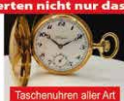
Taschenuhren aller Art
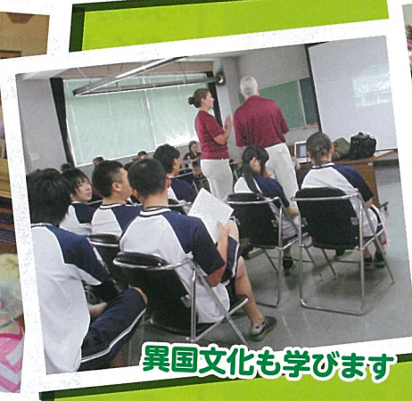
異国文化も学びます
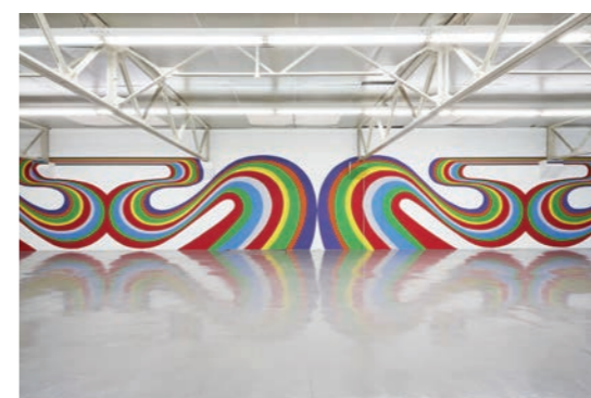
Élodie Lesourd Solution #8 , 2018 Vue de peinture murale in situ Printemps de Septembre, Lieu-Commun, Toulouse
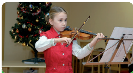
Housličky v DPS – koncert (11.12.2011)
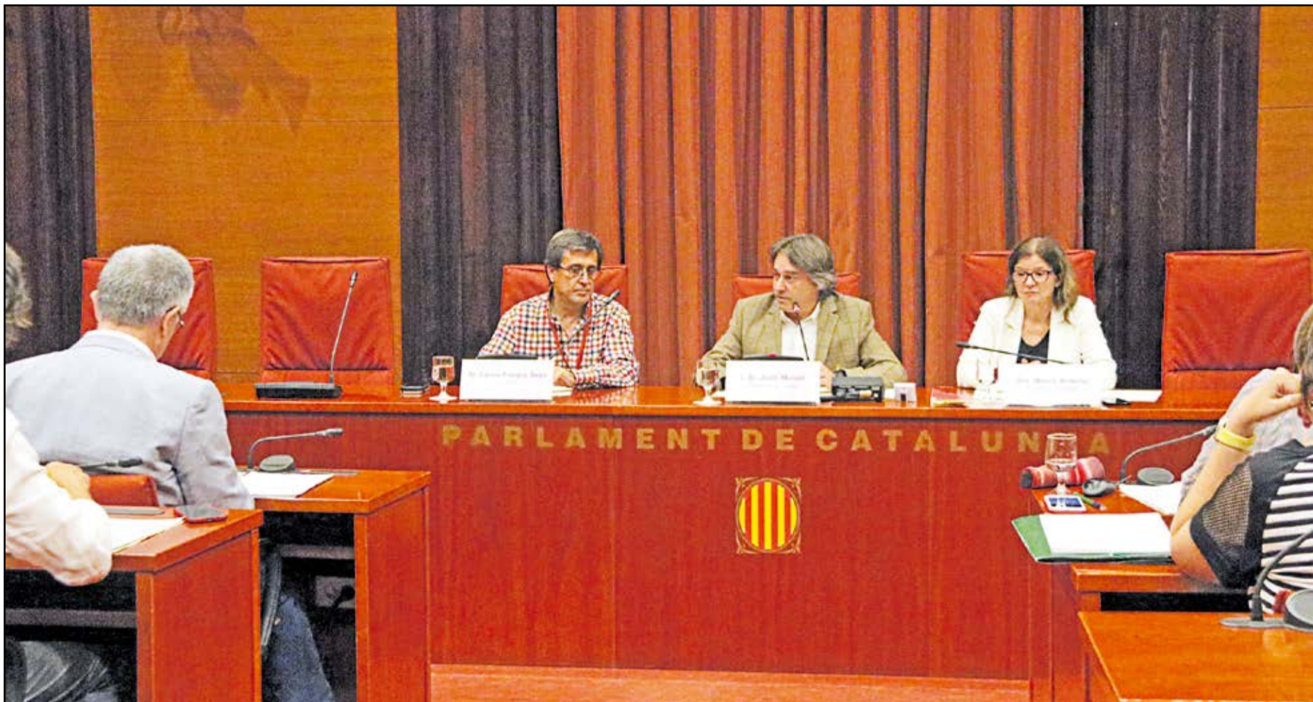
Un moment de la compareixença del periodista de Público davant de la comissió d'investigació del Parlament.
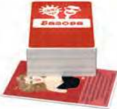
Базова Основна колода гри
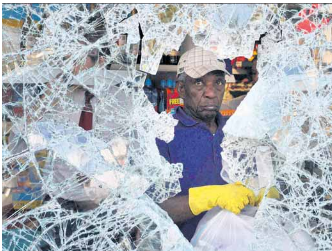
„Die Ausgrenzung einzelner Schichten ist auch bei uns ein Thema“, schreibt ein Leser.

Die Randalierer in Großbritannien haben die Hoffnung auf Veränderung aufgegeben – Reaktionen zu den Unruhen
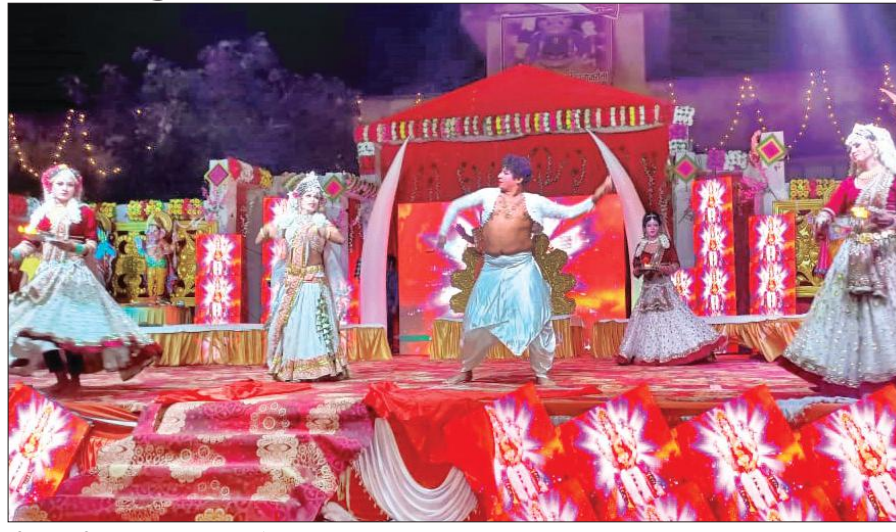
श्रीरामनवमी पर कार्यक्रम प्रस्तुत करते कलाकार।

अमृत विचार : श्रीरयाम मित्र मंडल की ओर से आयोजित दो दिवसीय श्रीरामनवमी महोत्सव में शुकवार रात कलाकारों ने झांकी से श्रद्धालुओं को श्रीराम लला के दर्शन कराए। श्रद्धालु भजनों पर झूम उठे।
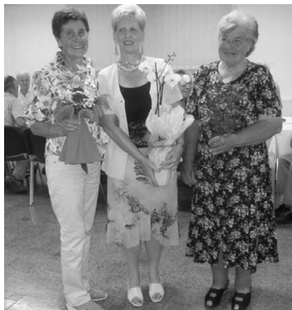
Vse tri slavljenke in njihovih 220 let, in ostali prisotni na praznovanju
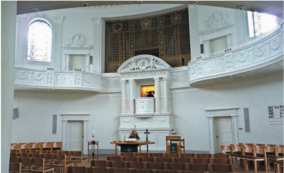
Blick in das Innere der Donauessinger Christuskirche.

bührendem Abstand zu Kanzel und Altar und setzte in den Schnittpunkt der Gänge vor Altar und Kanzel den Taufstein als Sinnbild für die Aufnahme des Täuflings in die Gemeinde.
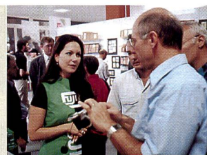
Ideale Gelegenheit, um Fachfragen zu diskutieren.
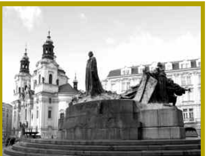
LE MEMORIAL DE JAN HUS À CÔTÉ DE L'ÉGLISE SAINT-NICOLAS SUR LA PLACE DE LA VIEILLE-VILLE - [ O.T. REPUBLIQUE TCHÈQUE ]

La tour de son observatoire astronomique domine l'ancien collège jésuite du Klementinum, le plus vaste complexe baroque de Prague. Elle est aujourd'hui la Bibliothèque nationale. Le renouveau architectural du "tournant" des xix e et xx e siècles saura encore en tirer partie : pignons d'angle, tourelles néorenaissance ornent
***
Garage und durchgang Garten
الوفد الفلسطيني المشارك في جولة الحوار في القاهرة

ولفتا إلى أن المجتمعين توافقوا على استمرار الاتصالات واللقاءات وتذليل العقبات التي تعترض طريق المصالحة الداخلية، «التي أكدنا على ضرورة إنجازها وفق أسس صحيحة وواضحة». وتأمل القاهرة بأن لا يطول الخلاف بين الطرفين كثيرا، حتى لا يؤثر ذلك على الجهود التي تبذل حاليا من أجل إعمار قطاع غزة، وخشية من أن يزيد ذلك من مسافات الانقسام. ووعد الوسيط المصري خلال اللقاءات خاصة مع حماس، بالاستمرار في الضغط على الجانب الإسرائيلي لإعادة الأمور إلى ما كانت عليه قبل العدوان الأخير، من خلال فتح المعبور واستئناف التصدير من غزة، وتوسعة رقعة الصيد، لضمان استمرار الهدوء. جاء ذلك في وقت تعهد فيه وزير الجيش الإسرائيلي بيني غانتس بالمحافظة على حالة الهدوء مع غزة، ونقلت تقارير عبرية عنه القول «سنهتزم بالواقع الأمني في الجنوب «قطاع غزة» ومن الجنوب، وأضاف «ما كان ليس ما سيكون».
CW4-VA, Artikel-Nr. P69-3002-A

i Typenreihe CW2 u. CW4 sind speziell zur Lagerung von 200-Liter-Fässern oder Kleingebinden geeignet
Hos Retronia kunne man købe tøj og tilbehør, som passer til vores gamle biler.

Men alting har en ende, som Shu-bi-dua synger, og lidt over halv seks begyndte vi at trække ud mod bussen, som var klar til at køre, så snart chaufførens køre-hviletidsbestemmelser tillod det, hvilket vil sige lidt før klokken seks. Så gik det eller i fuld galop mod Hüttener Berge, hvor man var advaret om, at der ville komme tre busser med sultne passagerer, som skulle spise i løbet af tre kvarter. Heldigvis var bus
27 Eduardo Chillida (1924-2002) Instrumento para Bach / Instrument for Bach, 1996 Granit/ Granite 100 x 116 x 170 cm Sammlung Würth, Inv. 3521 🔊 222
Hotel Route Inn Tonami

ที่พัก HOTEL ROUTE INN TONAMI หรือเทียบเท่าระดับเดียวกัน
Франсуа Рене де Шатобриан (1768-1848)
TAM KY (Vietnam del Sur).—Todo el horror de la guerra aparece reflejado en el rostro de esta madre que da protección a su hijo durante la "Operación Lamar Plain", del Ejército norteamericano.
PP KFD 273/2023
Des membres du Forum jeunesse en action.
***
## TASK INSTRUCTIONS
From the material above, reproduce only what runs from the line holding "Housličky v DPS – koncert (11.12.2011)" down to the line holding "schreibt ein Leser.", both included, pictures excluded.

## THE ANSWER
Housličky v DPS – koncert (11.12.2011)
Un moment de la compareixença del periodista de Público davant de la comissió d'investigació del Parlament.
Базова Основна колода гри
„Die Ausgrenzung einzelner Schichten ist auch bei uns ein Thema“, schreibt ein Leser.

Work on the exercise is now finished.